Les scientifiques du climat luttent contre la suppression des savoirs
Autre cible : les scientifiques du climat. Après les vagues de licenciements, la censure de certains mots ou sujets, la disparition des données scientifiques ou des financements, les chercheur·ses du monde entier ont manifesté le 7 mars pour défendre la science avec le mouvement «Stand up for science».
D’autres ont réussi à reconstituer un site d’information national sur le climat, après que l’administration Trump a enterré celui de référence aux États-Unis (notre article).
Aussi fermée par le pouvoir trumpiste au printemps, la plus importante revue scientifique sur la santé environnementale va renaître de ses cendres, a repéré Le Monde. Partout ailleurs, les scientifiques et les journalistes essayent de contrer la désinformation du gouvernement et du ministre de la santé, Robert F. Kennedy, profondément anti-vax.
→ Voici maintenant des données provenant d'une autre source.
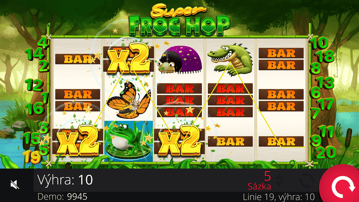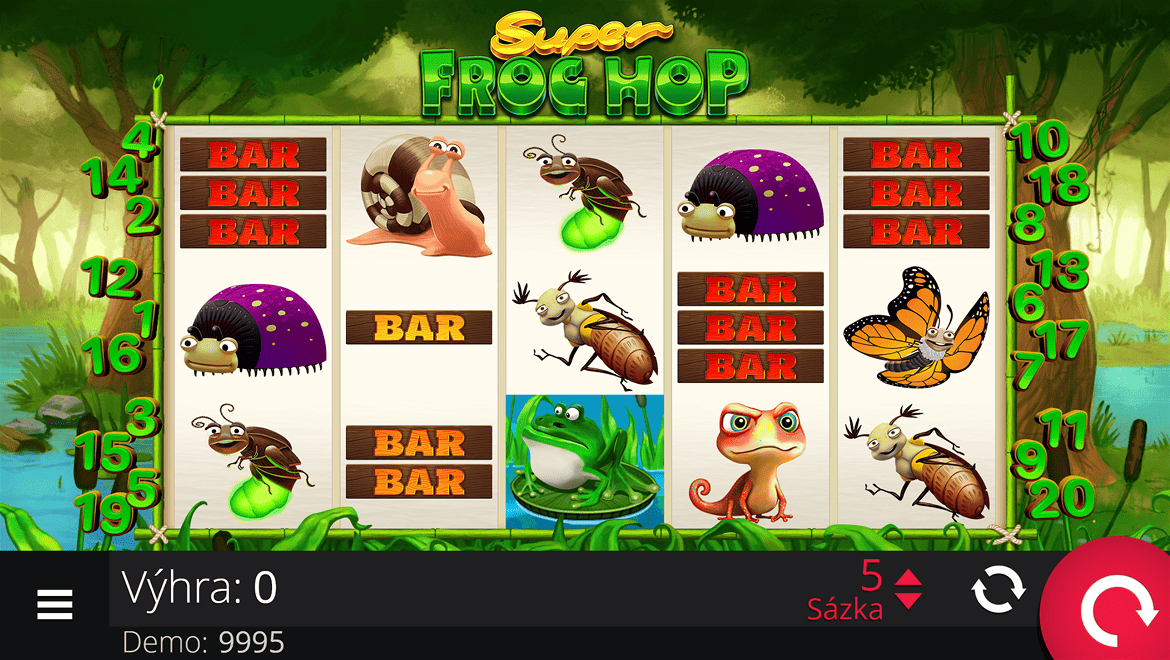 Super Frog Hop is a colorful and energetic slot game set along a riverbank. Winning combinations are formed with frogs, lily pads, and golden fly symbols. In the “Hop Bonus” feature, frogs leap onto the screen, leaving wilds behind and increasing winnings. Multiplier jumps during free spins add even more excitement. With its cheerful music, bright colors, and dynamic gameplay, Super Frog Hop is the perfect choice for those seeking both fun and winnings.

«Des espaces de contestation possibles»
La résistance à Donald Trump existe aussi au sein même de l’administration. «Ce sont des fonctionnaires qui vont ralentir des processus pour s’opposer, qui vont potentiellement publier des chiffres alors qu’on demande de ne pas le faire, qui vont continuer à produire du savoir, etc., détaille Sébastien Roux, chercheur au CNRS. C’est très présent dans la société américaine.» Un phénomène que les sociologues avaient déjà documenté lors du premier mandat.
Le chercheur cite d’autres formes de résistance au quotidien, moins visibles : des gens qui continuent à pratiquer des avortements clandestins ou à fournir des médicaments pour aider à la transition de genre, des personnes qui aident des migrant·es… «Il y a des résistances fortes dans la société américaine, appuie-t-il. Tant que l’État de droit est à peu près maintenu, il y a des espaces de contestation possibles.»
Et certaines luttes mènent à des victoires : le Département de l’efficacité gouvernementale (Doge) – créé par Donald Trump en janvier et confié à Elon Musk pour réduire la taille de l’administration fédérale – a été supprimé en novembre. Cette agence controversée s’est ainsi arrêtée huit mois plus tôt que prévu. Nul doute que les difficultés économiques des entreprises d’Elon Musk, boycottées après son engagement au sein de l’administration Trump, y sont en partie pour quelque chose.